Employee Perks: What HR Needs to Know

Employee perks are crucial to an organization. They can help define culture, provide current employees with incentives to stay, and offer new candidates a reason to join the team. These, of course, are only the tip of the iceberg. Here’s what HR needs to know about employee perks and how to choose the best for your team.


What are Employee Perks?

Employee perks are additional offerings that supplement an employee's initial salary and benefits. They are not the same as health insurance or other core benefits. They are voluntary perks not required by law and are intended to supplement required benefits such as health insurance. These perks most often fall under the umbrella of fringe benefits.

Employers can use these perks to support employee benefits offerings and stand out from other employers. Employee perks will fall under one of three categories:

  1. Purchasable perks include benefits such as gym memberships, student loan forgiveness, pet insurance, office supplies, provided snack and drink options, and onsite lunch offerings.

  2. Programmatic perks involve internal policies that benefit the employee, such as casual Fridays and unlimited PTO.

  3. Environmental perks involve how you organize your office space, such as offering unique rooms for meditation or relaxation, open floor plans, greenery, natural lighting, outdoor working areas, and game or break room areas.

Employee perks create a more enjoyable working experience for your employees and help to build your organization's culture. 

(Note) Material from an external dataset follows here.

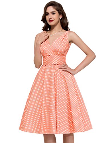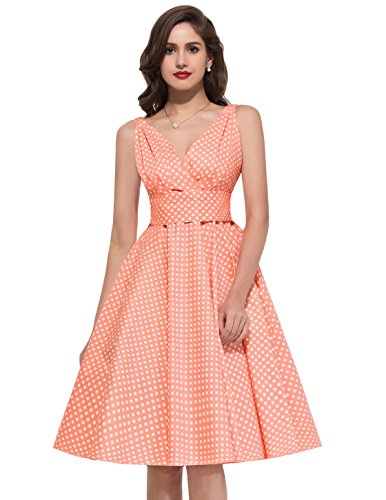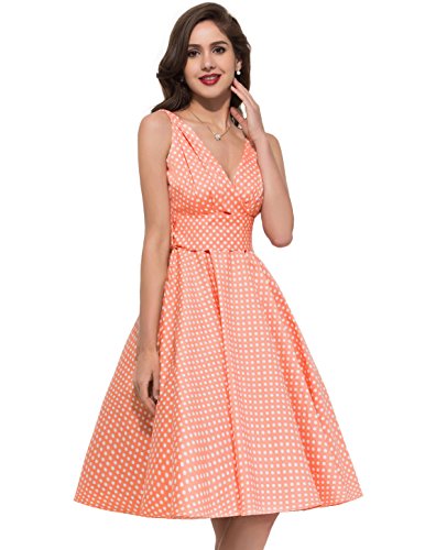 -. Binding : Apparel -. Brand : Paul Jones®Dress -. Department : womens -. Feature : Natural Dress Features: 1) Deep V-Neck 2) Concealed zipper at right side 3) Wide waistband is removable / BP091 Features: 1) Crew Neck 2) Concealed zipper in the back 3) Wide waistband is removable / Natural Dress is Made by Grace Karin Brand; 08/ 09/ BP091 Dress are Made by Belle Poque Brand / Size: Please read our size chart picture on carefully (Not the Amazon Size Chart) / We sest buy a Petticoat to match with this dress, it will make the dress swing and perfect -. ProductGroup : Apparel -. ProductTypeName : DRESS -. Title : PAUL JONES Women 50S Polka Dot Sundress Deep V-neckline Vintage Dress CL6295

What are Common Employee Perks?

Employee perks can come in many shapes and sizes. Any offering that is meant to provide employees with a better experience and is not already required by law, can be considered a perk. Here is a list of some of the most common employee perks offered by employers today: 

  • Onsite gym

  • Gym memberships

  • Happy hour offerings

  • Casual dress-code

  • Beer in the office

  • Cell phone reimbursement

  • Game or break room

  • Catered lunch

  • Onsite cafeteria

  • Paid family medical leave

  • Commuter or parking stipends

  • Meditation or relaxation rooms

  • Pet-friendly office

  • Sabbatical leave options

  • Unlimited PTO

  • Wellness programs

  • Paid parental leave

  • Student loan assistance

  • Company outings

  • Non-essential office supplies


What are the Benefits of Employee Perks?

Employee perks can have a measurable impact on your organization. Perks help solidify and lay the foundation for good company culture

These perks are a great selling point to potential candidates as well. Offering these sought-after fringe benefits can help you become even more competitive in recruiting top talent. Perks like provided lunches, commuter stipends, and unlimited PTO can be attractive options that are hard to pass up.

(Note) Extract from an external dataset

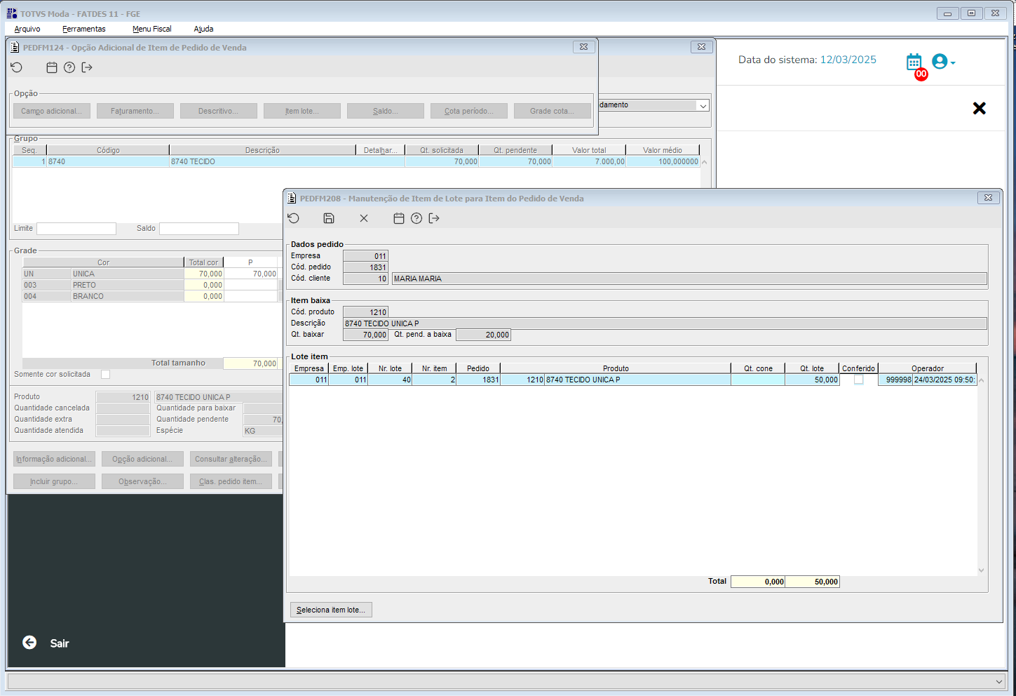 Imagem 2 - Lote alocado ao pedido pelo PEDFP156.

Offering perks is also a great way to maintain high retention rates among current employees. For example, if you offer training opportunities and tuition reimbursement, then employees will see that you care about the future of their careers. Employees will believe that their mental health matters to the organization when you offer amenities, such as relaxation areas or break rooms. This can improve retention by suggesting that the longer they stay at the organization, the better off they'll be in their career.

Employee perks can also increase productivity. A relaxing environment that lowers stress levels can allow employees to maintain a clear focus and have a better experience in the office. Studies have shown that happy employees are 20% more productive than those who are not. 

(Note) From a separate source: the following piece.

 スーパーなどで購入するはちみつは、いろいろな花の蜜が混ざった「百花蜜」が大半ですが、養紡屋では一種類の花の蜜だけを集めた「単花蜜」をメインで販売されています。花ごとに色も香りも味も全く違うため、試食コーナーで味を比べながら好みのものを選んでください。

Recently, changes to The Fair Labor Standards Act (FLSA) in 2020 made offering perks even easier. Many cell phone, wellness, and parking plans are no longer considered part of an employee's salary or wages. This means they can be offered as a perk without being subjected to the same taxes. 


How to Select the Best Employee Perks

The best perks will supplement the core mission and values of an organization, emphasizing areas like learning, teamwork, and achievement. Try these approaches:

  1. Discern what values you wish to exemplify, and let that guide your decision as you formulate your perks policy. One example would be how a company that sells camping supplies offers all of its employee's annual national park passes. 

  2. Use surveys and internal employee feedback to determine what perks employees would like. You can continue to do this even after establishing a perks program because—as organizations evolve, so should employee perks. 

  3. Consider different elements such as the nature of employment, whether in the office or remote. This, along with the type of industry, can influence which perks you choose. 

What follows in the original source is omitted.